Eric Zuliani, psychanalyste, qui analyse la série dans le magazine Marianne, rappelle la nécessité “qu’il y ait des lieux où dire ce que l’on ne comprend pas de soi-même, des lieux – qui se font rares -, où l’on peut loger sa folie aussi. Il y a une utilité sociale d’une pratique orientée par la psychanalyse, en cabinet ou en institution, qui fait accueil tous les jours à ce que « la langue que parlent les gens » dit de réel, et qui ne trouve sa matérialité ni dans le cerveau ni dans les neurones. Ce qui se dit en séance troue le mur des discours courants et des savoirs établis qui égarent sur le sens de ce qu’est une existence pour chacun. Ceux qui font une analyse témoignent du plus de vie qu’elle permet d’introduire dans son existence grâce à un usage retrouvé du désir“.

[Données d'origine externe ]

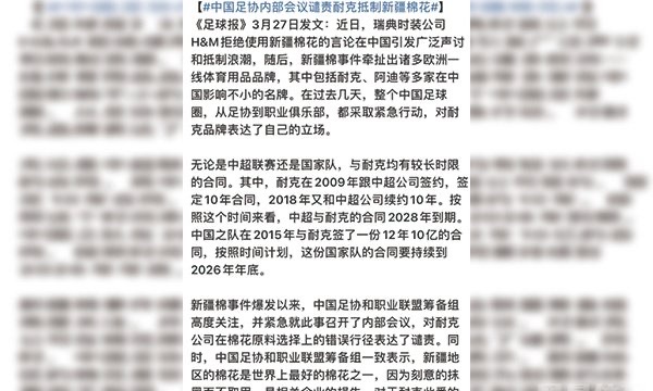 据报道,在新疆棉事件持续发酵的情况下,过去几天整个中国足球圈无论是足协还是各支俱乐部都采取了紧急的措施,并且对耐克品牌表达了十分强硬的态度。目前中超联赛以及中国国家队都和耐克有很长期限的合同,虽然双方在此之前已经建立了长时间的合作关系,但是一旦触及到了国家尊严,就没有任何商量的余地了。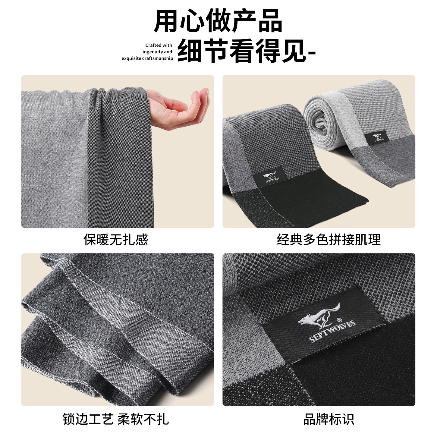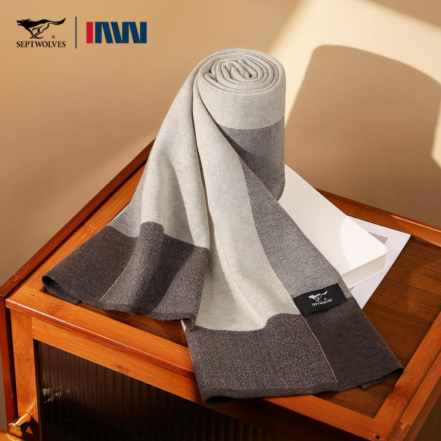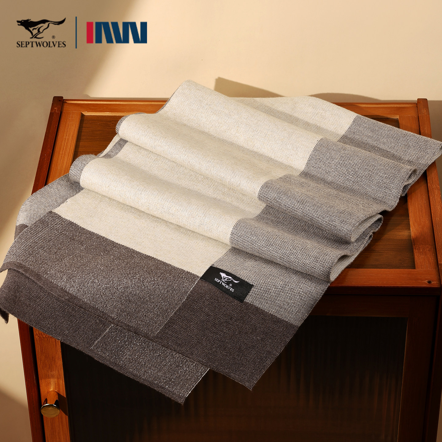 PD七匹狼含羊毛围巾男士春季新款简约纯色高档围脖披肩礼物礼盒装

C’est ce que tente de montrer la série, qui bien sûr reste une fiction, avec ses défauts, ses limites, ses invraisemblances. Mais au-delà d’eux, n’est-ce pas cette parole – adressée à un psychanalyste engagé en qui elle a pu faire confiance – qui a permis à Camille de s’y retrouver dans son désir ?
N’est-ce pas d’ailleurs la parole en acte qui est l’acteur principal de la série ? Tenter de rendre compte de cette expérience réelle qu’est l’écoute analytique dans les effets qu’elle produit, et ce sans masquer les difficultés, les doutes, les échecs, était une gageure. C’est plutôt très réussi.